Przeczytaj także
fot.Świętokrzyskie.pro
Obszar o powierzchni 1,3 hektara na Łyścu nie będzie już częścią Świętokrzyskiego Parku Narodowego. Stosowne rozporządzenie weszło w życie 27 grudnia, co umożliwi wykup terenu przez zakonników. Oblaci dążyli do odzyskania konkretnych ziem od lat 90.
Roszczenia zakonników popierał były minister środowiska Michał Woś, który odpowiada za przyjęte rozporządzenie. Rząd zdecydował się na usunięcie 1,3 hektara na Świętym Krzyżu, a także dodanie około 62 hektarów lasu pod Grzegorzowicami do Świętokrzyskiego Parku Narodowego.
– Te dwa tereny nijak mają się do siebie. Jeżeli intencją ministra Wosia było dokonanie zamiany i zachowanie jakiejś równowagi, to absolutnie się to nie sprawdziło. Ponieważ te obszary nie są tożsame pod względem przyrodniczym oraz kulturowym. Nie da się ich od tak zamienić. Łysiec jest wielokrotnie cenniejszy. Druga rzecz, że oczywistą intencją ministra Wosia było to, żeby obejść ustawę o ochronie przyrody. To manipulacja i oszustwo. Włączenie tego obszaru pod Grzegorzowicami mogłoby się odbywać, ale oczywiście na podstawie zupełnie osobnej procedury – mówi Łukasz Misiuna, ekolog i prezes Stowarzyszenia MOST.
CZYTAJ WIĘCEJ: Łysiec – książę wszystkich gór
Teraz zakonnicy mają prawo wykupić omawiany teren, licząc na preferencyjną cenę. Jak podaje Stowarzyszenie MOST, dwie z trzech działek posiadają wartość wynoszącą około 5,5 milionów złotych. Ostatnia nie została jeszcze wyceniona.
Przeciw zastosowanemu przez rząd rozwiązaniu opowiedział się Komitet Biologii Środowiskowej Polskiej Akademii Nauk, Instytut Ochrony Przyrody Polskiej Akademii Nauk, Rada Naukowa Świętokrzyskiego Parku Narodowego, czy też Państwowa Rada Ochrony Przyrody. O sprawie został też listownie poinformowany papież Franciszek, a we wrześniu 2021 roku zaapelowano do premiera Mateusza Morawieckiego. Wszelkie działania nie przyniosły jednak oczekiwanego skutku.
– Wyłączenie kawałka terenu na Łyścu z pewnością przyniesie szkodę przyrodzie. Powstanie terytorialna wyrwa, niemalże w centrum parku narodowego. Na jednym z najważniejszych szczytów Gór Świętokrzyskich nagle powstaje enklawa, która nie jest chroniona jak cała reszta. Wiemy też w jaki sposób swoim terenem zarządzają Oblaci. Oni tam organizują imprezy masowe, motocyklowe. Tysiące motocyklistów przyjeżdża, łamią przepisy dotyczące parków narodowych. Ponadto zakonnicy mają swoje ogródki w których sadzą rośliny inwazyjne, co jest po prostu przestępstwem. Nie wolno tego robić, jest to łamanie prawa – twierdzi Łukasz Misiuna.
fot. Łukasz Misiuna
Podkreśla również, że na omawianym terenie znajdują się gatunki chronione, w tym jeden nowy dla całej Polski.
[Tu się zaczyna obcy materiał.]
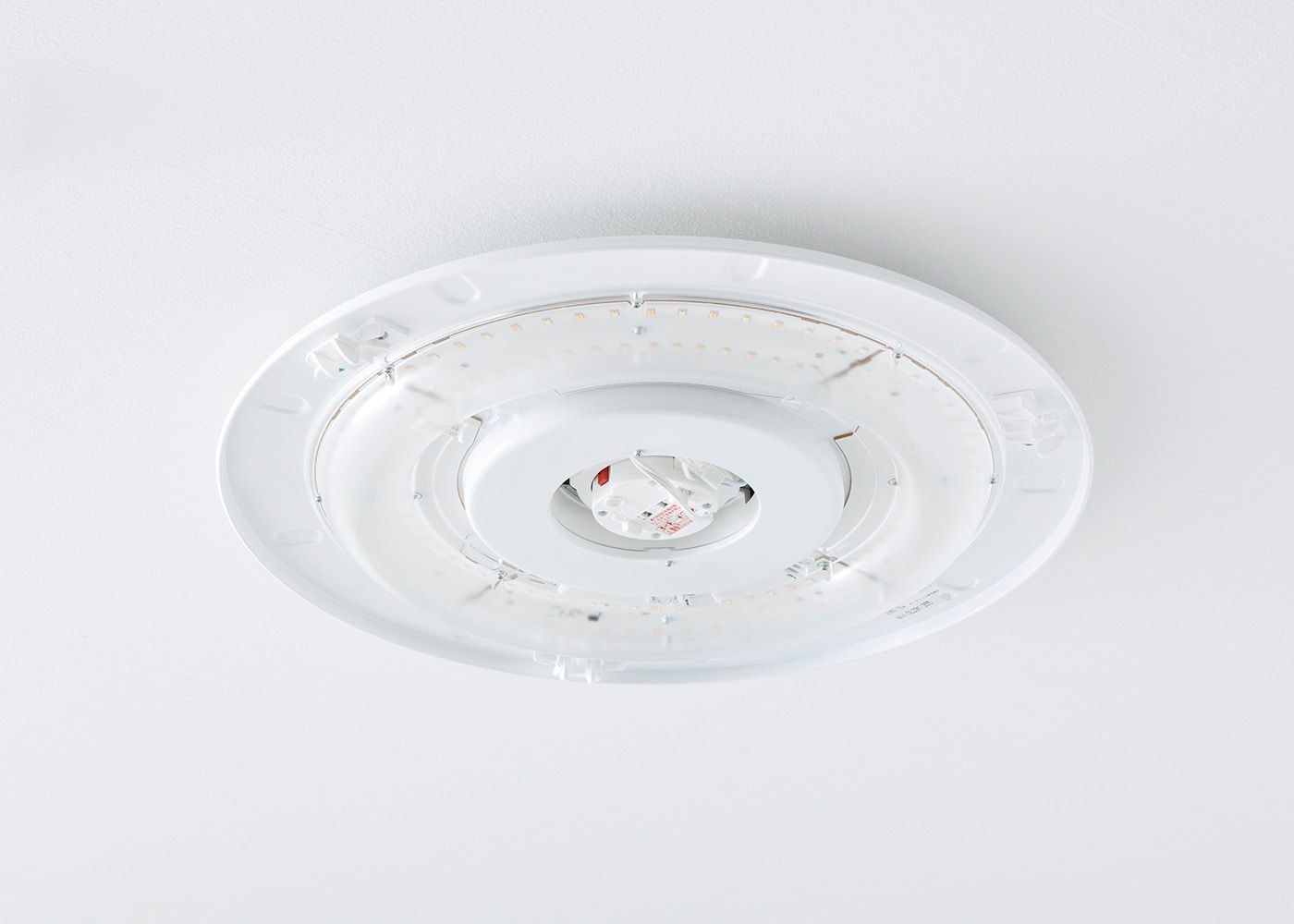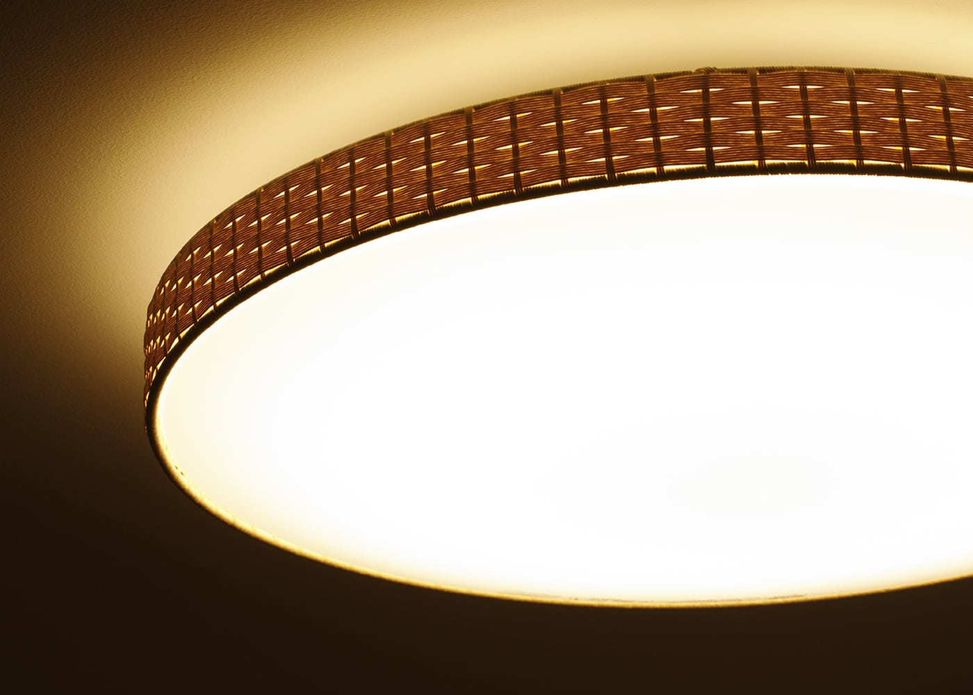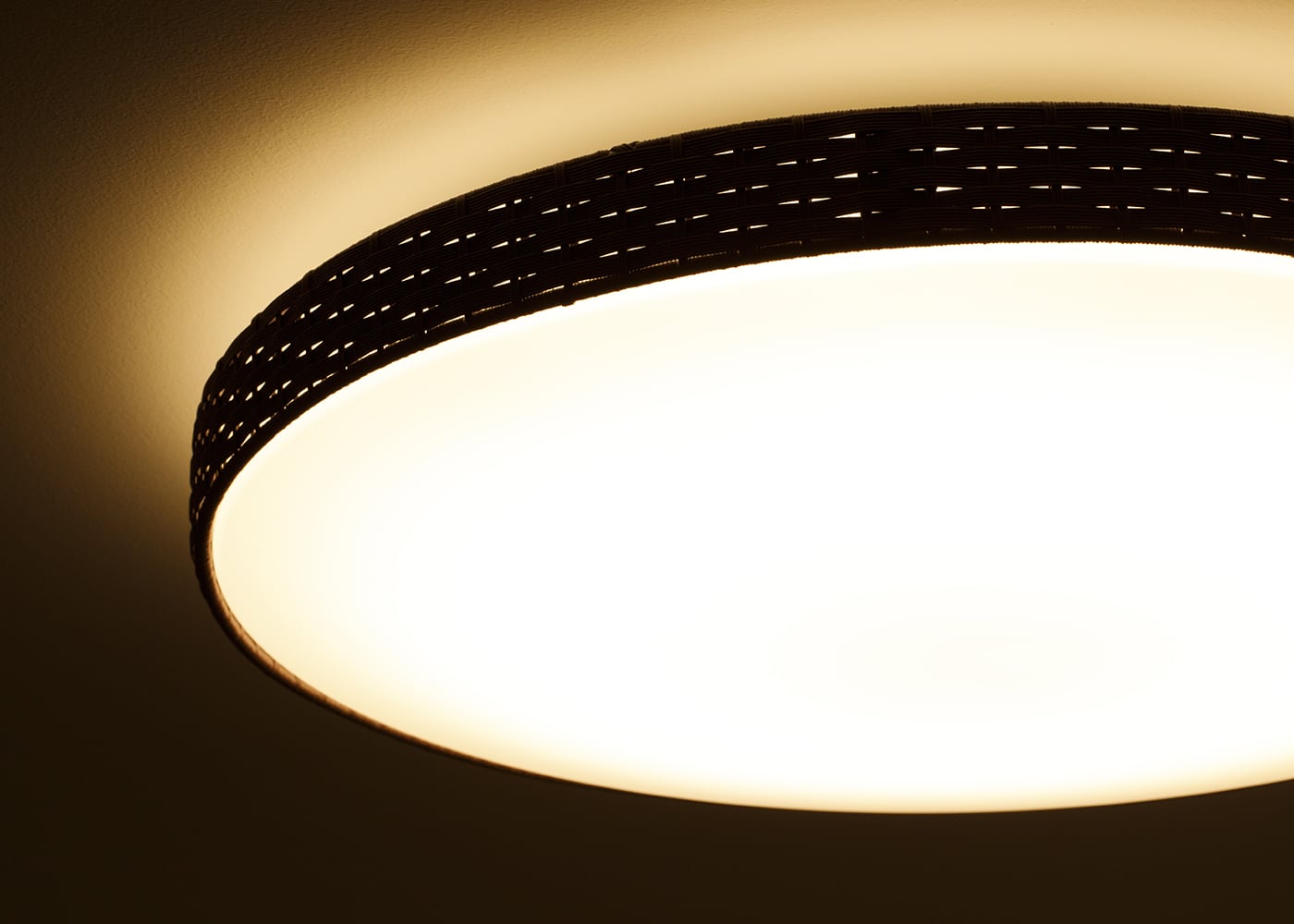 お財布にも環境にもやさしい調光調色機能付LEDを使用しています。わずかな消費電力で広い空間を明るく照らすシーリングライトは、お部屋の主照明としておすすめです。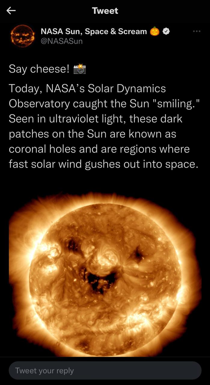 بالطبع الابتسامة التي نراها هنا ليست في الواقع ابتسامة حقيقية، ما ننظر إليه هو الثقوب الإكليلية البقع الداكنة، حيث تتدفق رشقات نارية سريعة من الرياح الشمسية إلى الفضاء كما توضح وكالة ناسا.

– Wykazaliśmy, że na tym niewielkim fragmencie żyje co najmniej kilkadziesiąt gatunków chronionych. Również gatunków nowych dla Świętokrzyskiego Parku Narodowego, nowych dla województwa świętokrzyskiego. W tym również jeden gatunek po raz pierwszy stwierdzony w Polsce. To jest gatunek niewielkiego chrząszcza. Bogactwo przyrodnicze w tym miejscu jest duże – dodaje.
Odmienne stanowisko przedstawił Jan Reklewski, dyrektor Świętokrzyskiego Parku Narodowego. Jeszcze w 2019 wydał oświadczenie w którym podkreśla, że obszar nie posiada istotnej wartości przyrodniczej.
– Jeżeli dojdzie do wyłączenia przedmiotowej enklawy z ŚPN to wbrew twierdzeniu Pana Łukasza Misiuny nie będzie to precedens. W 1996 roku wyłączono z obszaru Wielkopolskiego Parku Narodowego zurbanizowane tereny Puszczykowa, Mosiny i Stęszewa. Z tego co wiem, Wielkopolski Park Narodowy, ma się dobrze. Ostatnio zadomowiły się tam wilki – podkreśla Jan Reklewski.